* SOURCE RECORDS

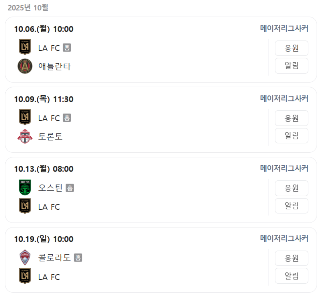 📅 LAFC 손흥민 10월 경기 일정 (한국 시간 기준)
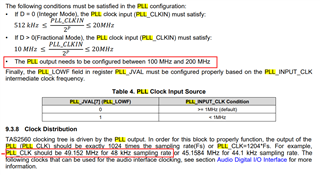 当我查看 TI TAS2560数据表时、我不了解 PLL_CLK。 该规范规定 PLL 输出需要配置在100MHz 和200MHz 之间、但例如、对于48kHz 采样率、PLL_CLK 应该是49.152MHz、这两者是否相互冲突?  以下屏幕截图
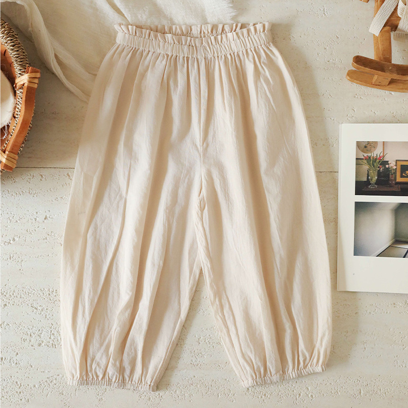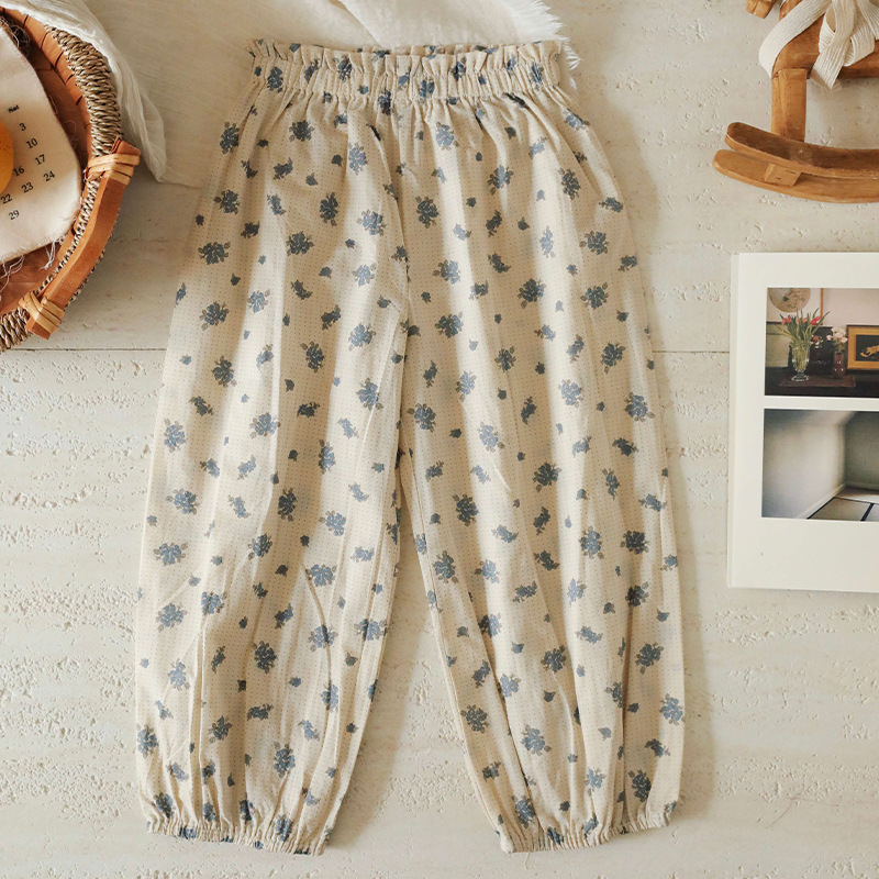 스팟 2025 봄과 여름 면화 꽃 무늬 아기 소녀 캐주얼 바지 단색 소녀 모기 방지 바지 외출 바지
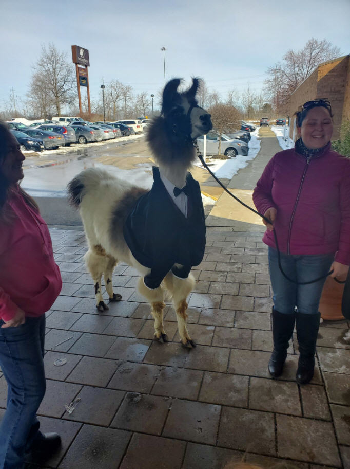 ▼去年10月妹妹訂婚,Mendl決定遵守承諾。他花400美元(約台幣11,966元)預租了一隻叫Shockey的大羊駝,還給大羊駝訂做了西裝、小圓帽。妹妹的婚禮這天,Mendl真的帶著大羊駝一起來了。
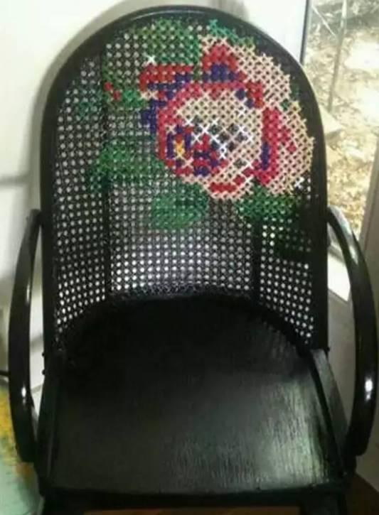 ▼ 在竖绣椅子上横绣十字绣绣
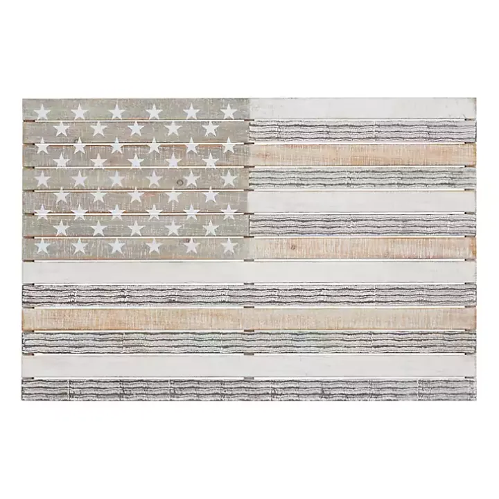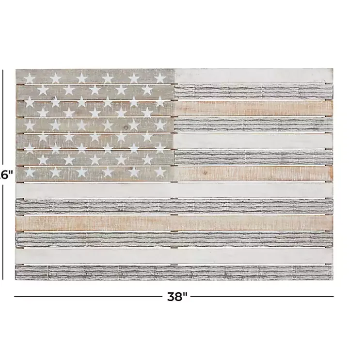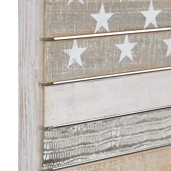 Add a pop of patriotism to your home with this Distressed Wood American Flag Wall Plaque. Its natural tones will beautifully complement rustic and modern farmhouse decors!
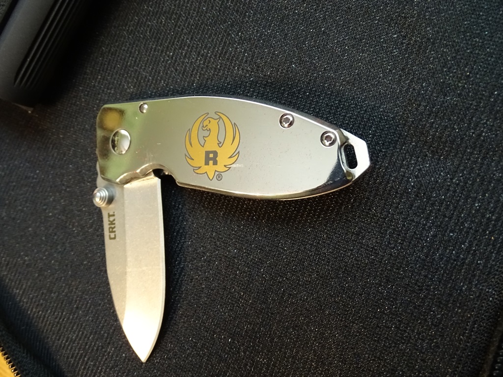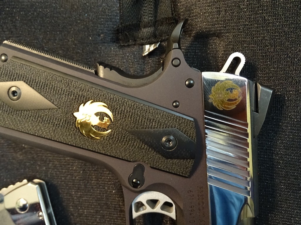 Ruger's newest edition to their SR1911 line-up is the model 6716, cat# SR1911CMD-ANM, listed as a "Ruger Deluxe Commander Carry Combo". This is a Talo exclusive with the custom work done by Barons, only 100 produced. It has a bright polished stainless steel slide with 24K gold Ruger logo bordered by a fine engraved line. Special thin textured black double diamond grips with unique gold Ruger medallion. Packaged with a CRKT Squid folding pocket knife with a 2.25" blade, a bright polished stainless handle with matching 24K gold Ruger logo bordered with a fine engraved line. The knife was designed by Lucas Burley of New Mexico.

* PROBLEM TO SOLVE
Every line of the data should be copied as it stands, without the images.

* ANSWER BOX
 📅 LAFC 손흥민 10월 경기 일정 (한국 시간 기준)
 当我查看 TI TAS2560数据表时、我不了解 PLL_CLK。 该规范规定 PLL 输出需要配置在100MHz 和200MHz 之间、但例如、对于48kHz 采样率、PLL_CLK 应该是49.152MHz、这两者是否相互冲突?  以下屏幕截图
 스팟 2025 봄과 여름 면화 꽃 무늬 아기 소녀 캐주얼 바지 단색 소녀 모기 방지 바지 외출 바지
 ▼去年10月妹妹訂婚,Mendl決定遵守承諾。他花400美元(約台幣11,966元)預租了一隻叫Shockey的大羊駝,還給大羊駝訂做了西裝、小圓帽。妹妹的婚禮這天,Mendl真的帶著大羊駝一起來了。
 ▼ 在竖绣椅子上横绣十字绣绣
 Add a pop of patriotism to your home with this Distressed Wood American Flag Wall Plaque. Its natural tones will beautifully complement rustic and modern farmhouse decors!
 Ruger's newest edition to their SR1911 line-up is the model 6716, cat# SR1911CMD-ANM, listed as a "Ruger Deluxe Commander Carry Combo". This is a Talo exclusive with the custom work done by Barons, only 100 produced. It has a bright polished stainless steel slide with 24K gold Ruger logo bordered by a fine engraved line. Special thin textured black double diamond grips with unique gold Ruger medallion. Packaged with a CRKT Squid folding pocket knife with a 2.25" blade, a bright polished stainless handle with matching 24K gold Ruger logo bordered with a fine engraved line. The knife was designed by Lucas Burley of New Mexico.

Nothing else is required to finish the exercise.